Son métier principal ? : l’informatique éditoriale et documentaire.

Un "imprimeur numérique"

C’est en fait à l’origine un imprimeur, qui tout en gardant la maîtrise du métier de production des imprimés, s’est spécialisé dans l’édition, la diffusion et la recherche électroniques, notamment le traitement des gros volumes de données numériques et leur diffusion sur cédérom ou serveur Internet.

Il maîtrise donc les technologies de production éditoriale numérique : SGML, XML, feuilles de style XSL, bases de données, reconnaissance optique de caractères (OCR). La page de son site "Une Offre globale au service des Editeurs Juridiques" donne un peu plus de détails. Jouve est donc aussi, voire d’abord une société de services et d’ingénierie en informatique (SSII) éditoriale.

Jouve est également l’hébergeur de plateformes en ligne d’éditeurs juridiques .

Quelques réalisations pour le milieu juridique

Sa plate-forme Apollaw permet aux éditeurs juridiques de produire sites web et cédéroms à partir de leurs bases de données éditoriales.

Sa technologie — notamment son moteur de recherche — équipe par exemple le cédérom Navis Fiscal de l’éditeur juridique Francis Lefebvre :
http://www.jouve.fr/jouve/html/1marche.htm. Tout le fond en ligne de Francis Lefebvre (certains Mémentos, les dossiers thématiques, le BRDA en ligne et la version en ligne des Navis), d’ailleurs, est stocké sur les serveurs de Jouve.

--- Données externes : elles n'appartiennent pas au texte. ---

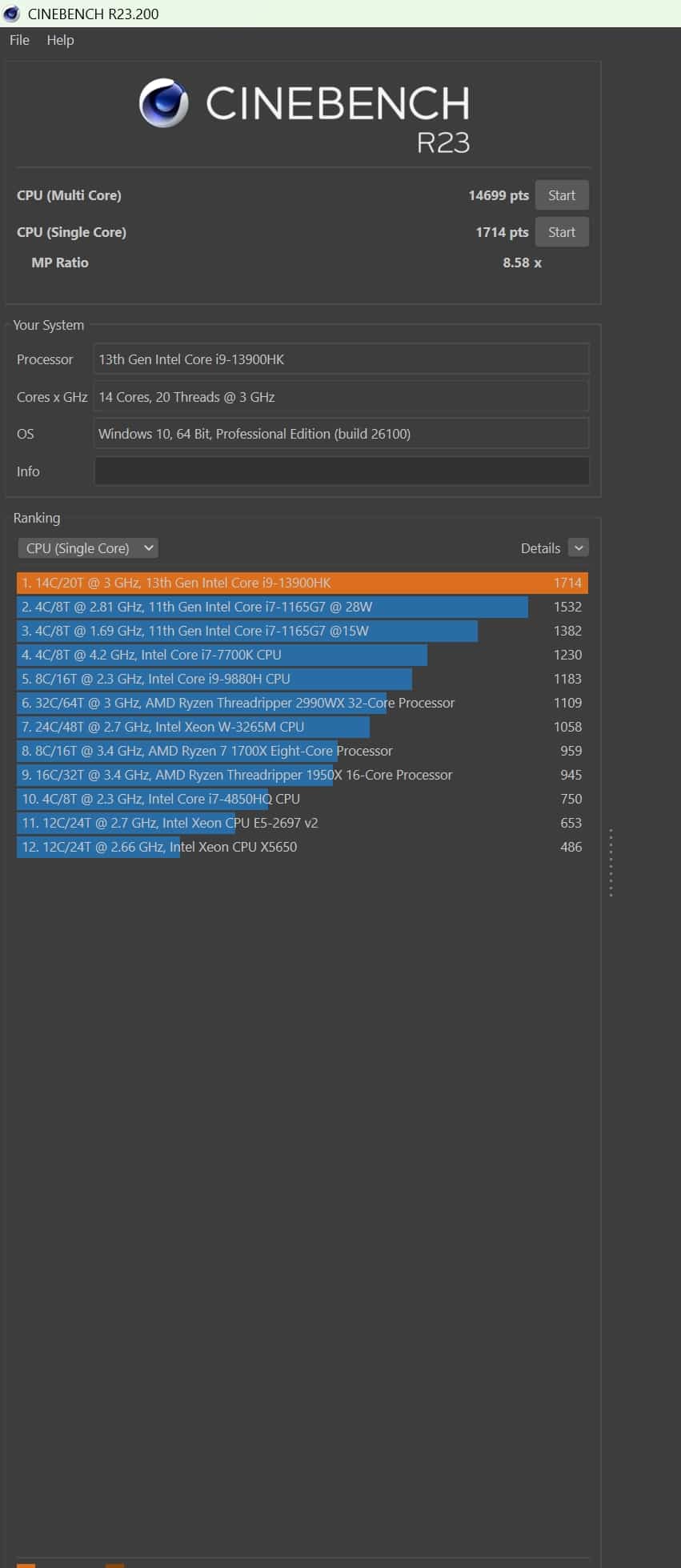 | Processor | Intel Core i9-13900HK (14 cores, 20 threads, up to 5.4 GHz) |

Jouve a réalisé les nouvelles versions des sites web du Conseil d’Etat [2], de Francis Lefebvre, ainsi que le Recueil Dalloz en ligne et le site web de l’AJDA puis la plateforme Dalloz.fr [3].

C’était également Jouve qui "composait et imprimait" — autrement dit qui réalisait, mais n’écrivait pas — les pages du site web de l’Assemblée nationale, comme l’indiquait une mention au bas des documents en ligne de la 12ème législature : "Composé et imprimé pour l’Assemblée nationale par JOUVE 11, bd de Sébastopol, 75001 PARIS" [4].

On peut aussi rappeler que c’est Jouve qui initialement a conseillé le Juris-Classeur, vers 1999, lorsque, racheté par LexisNexis, l’éditeur a entamé la numérisation de ses fonds, notamment les JurisClasseurs, afin de pouvoir proposer leurs versions numériques (cédéroms puis fonds en ligne).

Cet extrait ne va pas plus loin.